Dataset items:
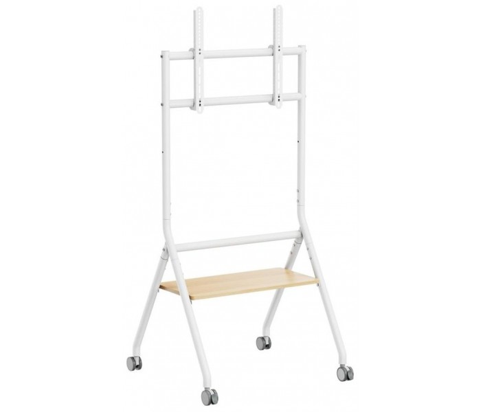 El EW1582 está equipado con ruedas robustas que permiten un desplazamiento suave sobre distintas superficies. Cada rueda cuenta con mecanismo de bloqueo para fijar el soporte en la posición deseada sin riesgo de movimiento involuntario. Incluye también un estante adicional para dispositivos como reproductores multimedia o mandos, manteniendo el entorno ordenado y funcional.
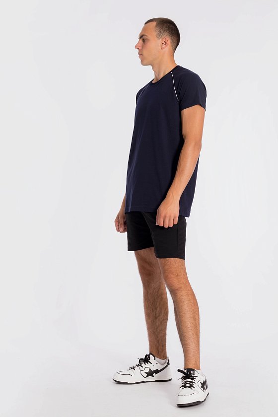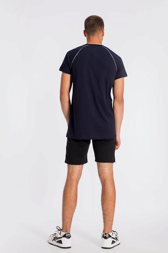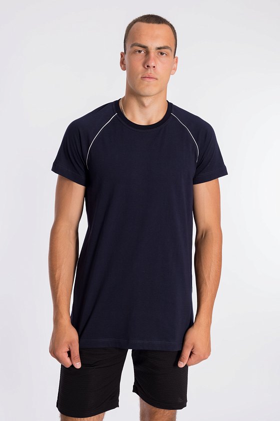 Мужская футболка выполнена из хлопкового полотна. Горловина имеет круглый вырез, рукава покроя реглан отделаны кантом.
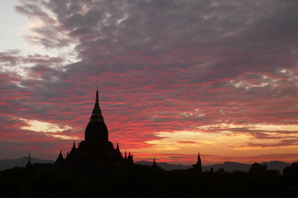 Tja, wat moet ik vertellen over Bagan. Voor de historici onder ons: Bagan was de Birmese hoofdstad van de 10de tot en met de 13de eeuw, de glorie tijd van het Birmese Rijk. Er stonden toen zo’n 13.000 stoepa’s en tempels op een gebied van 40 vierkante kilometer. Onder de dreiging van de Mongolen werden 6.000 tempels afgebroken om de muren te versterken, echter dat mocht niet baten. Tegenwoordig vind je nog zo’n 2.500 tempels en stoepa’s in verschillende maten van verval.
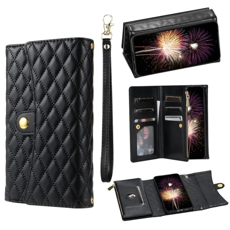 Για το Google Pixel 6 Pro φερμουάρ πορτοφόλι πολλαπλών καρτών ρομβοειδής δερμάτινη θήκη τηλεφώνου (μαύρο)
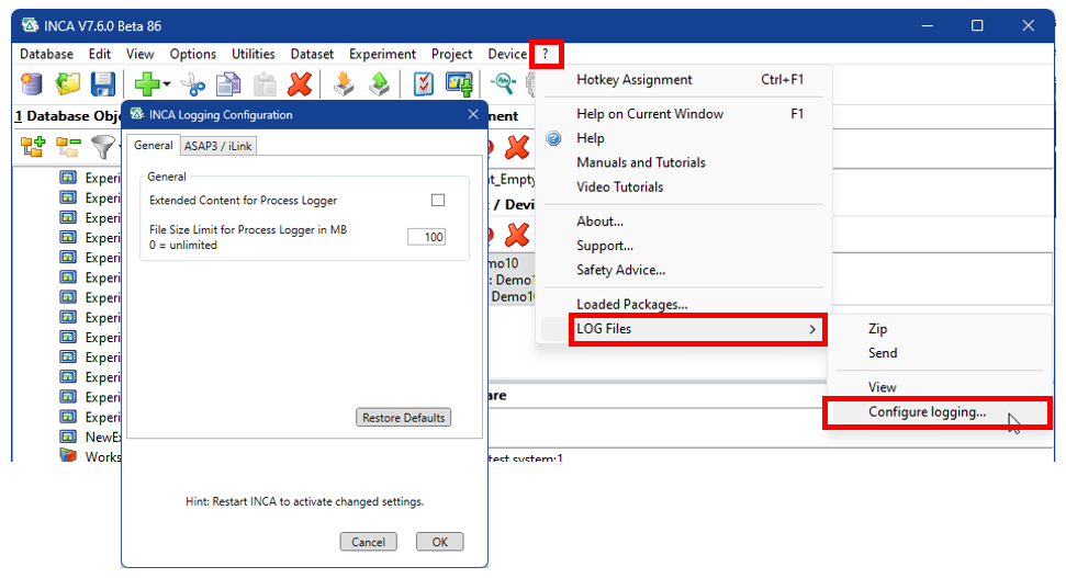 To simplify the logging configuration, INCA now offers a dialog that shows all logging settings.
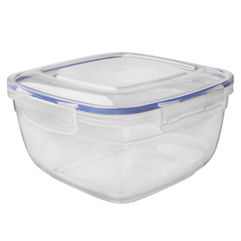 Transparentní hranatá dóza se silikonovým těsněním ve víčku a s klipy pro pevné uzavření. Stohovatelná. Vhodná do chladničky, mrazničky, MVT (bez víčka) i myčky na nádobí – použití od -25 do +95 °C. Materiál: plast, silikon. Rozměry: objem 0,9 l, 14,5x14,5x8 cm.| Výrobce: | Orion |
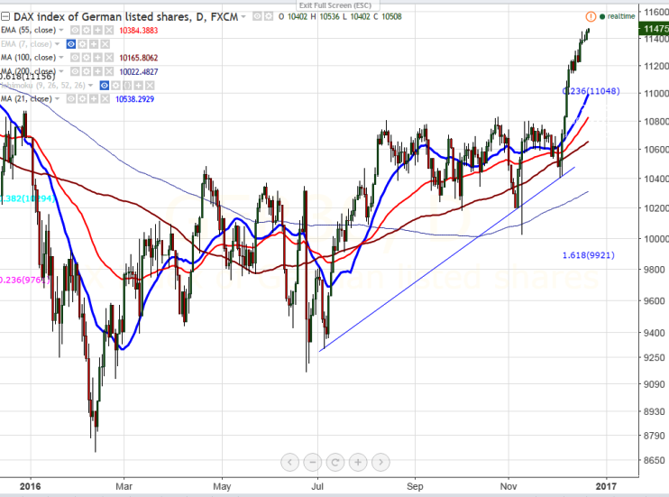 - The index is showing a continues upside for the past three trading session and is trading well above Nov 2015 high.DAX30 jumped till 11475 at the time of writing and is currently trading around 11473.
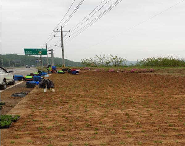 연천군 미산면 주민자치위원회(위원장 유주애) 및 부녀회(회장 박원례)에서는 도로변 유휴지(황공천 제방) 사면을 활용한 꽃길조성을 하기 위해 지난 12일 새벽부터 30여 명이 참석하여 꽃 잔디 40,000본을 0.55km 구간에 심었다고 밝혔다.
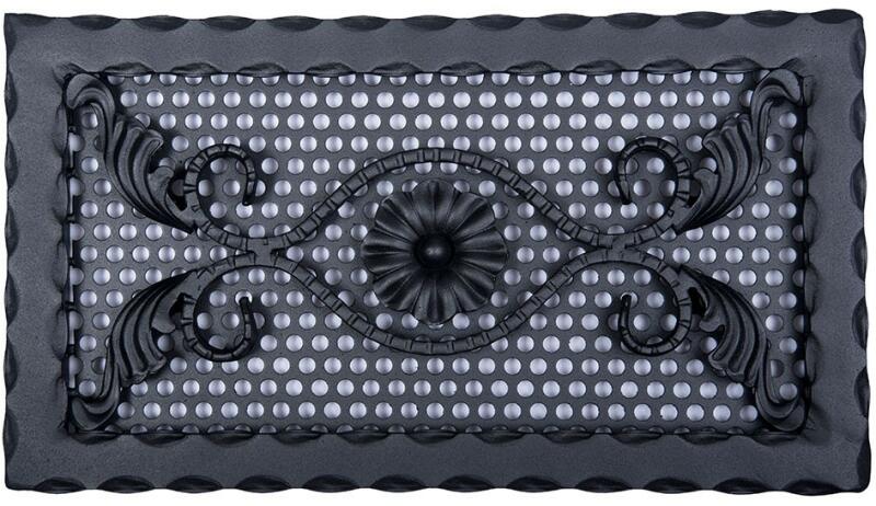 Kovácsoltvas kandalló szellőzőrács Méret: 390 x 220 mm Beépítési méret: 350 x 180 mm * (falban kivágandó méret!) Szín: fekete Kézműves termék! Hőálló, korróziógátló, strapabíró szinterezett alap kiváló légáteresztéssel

- **ACTIVITY**:
Repeat every record above exactly. Omit the pictures.

- **THE COMPLETED TASK**:
 El EW1582 está equipado con ruedas robustas que permiten un desplazamiento suave sobre distintas superficies. Cada rueda cuenta con mecanismo de bloqueo para fijar el soporte en la posición deseada sin riesgo de movimiento involuntario. Incluye también un estante adicional para dispositivos como reproductores multimedia o mandos, manteniendo el entorno ordenado y funcional.
 Мужская футболка выполнена из хлопкового полотна. Горловина имеет круглый вырез, рукава покроя реглан отделаны кантом.
 Tja, wat moet ik vertellen over Bagan. Voor de historici onder ons: Bagan was de Birmese hoofdstad van de 10de tot en met de 13de eeuw, de glorie tijd van het Birmese Rijk. Er stonden toen zo’n 13.000 stoepa’s en tempels op een gebied van 40 vierkante kilometer. Onder de dreiging van de Mongolen werden 6.000 tempels afgebroken om de muren te versterken, echter dat mocht niet baten. Tegenwoordig vind je nog zo’n 2.500 tempels en stoepa’s in verschillende maten van verval.
 Για το Google Pixel 6 Pro φερμουάρ πορτοφόλι πολλαπλών καρτών ρομβοειδής δερμάτινη θήκη τηλεφώνου (μαύρο)
 To simplify the logging configuration, INCA now offers a dialog that shows all logging settings.
 Transparentní hranatá dóza se silikonovým těsněním ve víčku a s klipy pro pevné uzavření. Stohovatelná. Vhodná do chladničky, mrazničky, MVT (bez víčka) i myčky na nádobí – použití od -25 do +95 °C. Materiál: plast, silikon. Rozměry: objem 0,9 l, 14,5x14,5x8 cm.| Výrobce: | Orion |
 - The index is showing a continues upside for the past three trading session and is trading well above Nov 2015 high.DAX30 jumped till 11475 at the time of writing and is currently trading around 11473.
 연천군 미산면 주민자치위원회(위원장 유주애) 및 부녀회(회장 박원례)에서는 도로변 유휴지(황공천 제방) 사면을 활용한 꽃길조성을 하기 위해 지난 12일 새벽부터 30여 명이 참석하여 꽃 잔디 40,000본을 0.55km 구간에 심었다고 밝혔다.
 Kovácsoltvas kandalló szellőzőrács Méret: 390 x 220 mm Beépítési méret: 350 x 180 mm * (falban kivágandó méret!) Szín: fekete Kézműves termék! Hőálló, korróziógátló, strapabíró szinterezett alap kiváló légáteresztéssel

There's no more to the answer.